My Sunterra dues almost didn't get paid this year. I just got an official looking envelope from "The Club" in North Las Vegas. Assuming it was more timeshare junk mail, I almost tossed it. My wife opened it and found the bill for our annual dues from Diamond Resorts. Note: The name Sunterra ceased to exist on Monday. Everything will now be Diamond, although they are still mentioning the Sunterra name. I first realized this when I got the daily email update from the Sunterra Group to which I subscribe and it showed up as from Diamondresorts@. I almost dumped that as spam before reading it.


----------



## thetimeshareguy (Nov 14, 2007)

Any ideas on why the name change?


----------



## barndweller (Nov 14, 2007)

hvsteve1 said





> the daily email update from the Sunterra Group to which I subscribe



What daily e-mail update?

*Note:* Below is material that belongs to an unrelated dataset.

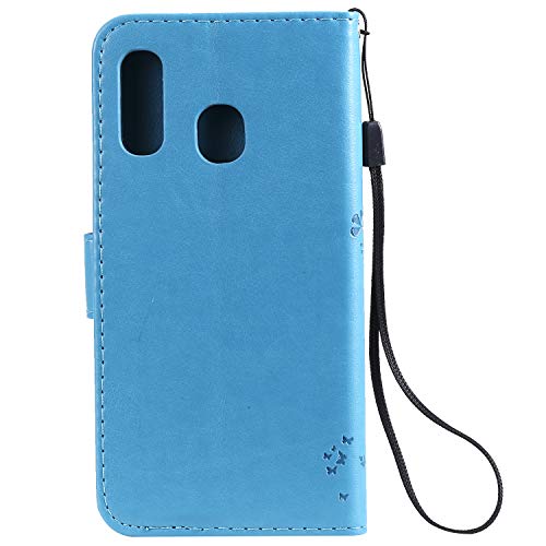Zchen Cover per Samsung Galaxy A40, custodia a portafoglio in pelle PU, a portafoglio, pieghevole, con coperchio pieghevole, per Samsung Galaxy A40 (gatto blu)
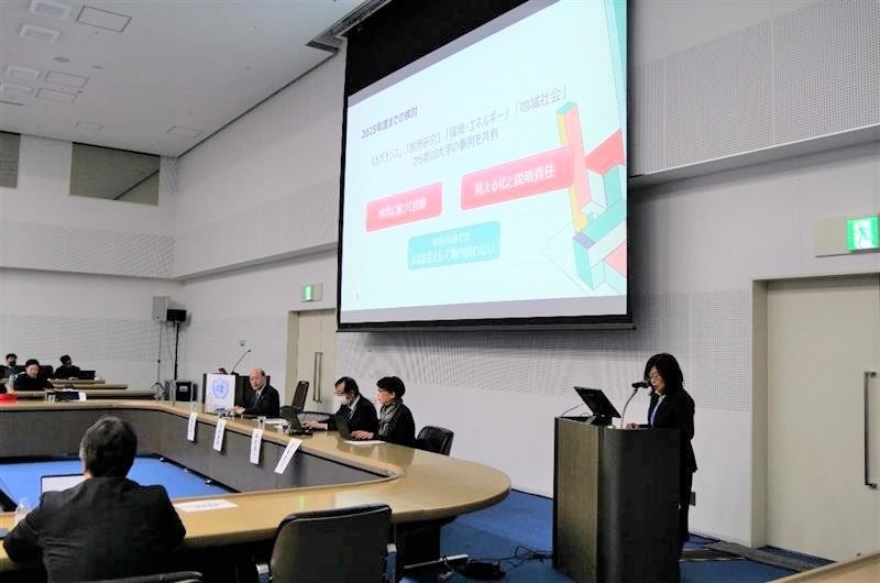 2026年3月13日、国連大学サステイナビリティ高等研究所(UNU-IAS)が、SDG大学連携プラットフォーム(SDG-UP)に参加する大学とサステイナビリティの取り組みについて議論する公開シンポジウムを国連大学エリザベス・ローズ国際会議場で開催し、本学はSDG-UPのサステイナブルキャンパス分科会の代表として同分科会の活動成果を発表しました。

Do I need to subscribe?

I get the occassional e-mails like the last one about Diamond completing the Sunterra buy-out. Is there something else?


----------



## hvsteve1 (Nov 14, 2007)

It's a yahoo group consisting mostly of Brits-

diamondresorts@yahoogroups.com


Most of what they discuss about resorts doesn't really pertain to us unless we do some overseas trading. Sunterra Europe has been putting them through a lot of grief that we haven't had here in the states. There is the occasional query about a stateside visit (more lately with the cheap dollar) with which I can help. As they spend so much time discussing Sunterra and communicating with corporate, this is the first place I heard about the Diamond takeover.


----------



## JoeMid (Nov 14, 2007)

hvsteve1 said:


> It's a yahoo group consisting mostly of Brits-
> diamondresorts@yahoogroups.com
> Most of what they discuss about resorts doesn't really pertain to us unless we do some overseas trading. Sunterra Europe has been putting them through a lot of grief that we haven't had here in the states. There is the occasional query about a stateside visit (more lately with the cheap dollar) with which I can help. As they spend so much time discussing Sunterra and communicating with corporate, this is the first place I heard about the Diamond takeover.


Timeshare Forums has a active discussion of all things Diamond/Sunterra, this subject was discussed.


----------



## dougp26364 (Nov 16, 2007)

thetimeshareguy said:


> Any ideas on why the name change?




Sunterra was bought out and taken private by Diamond Resorts International. The name change reflects the new ownership. 

I would assume the name change would happen no matter what but it's also a good move to get away from the negative PR baggage that goes along with the old Sunterra name


----------



## Bill4728 (Nov 20, 2007)

Bump to top of new forum


----------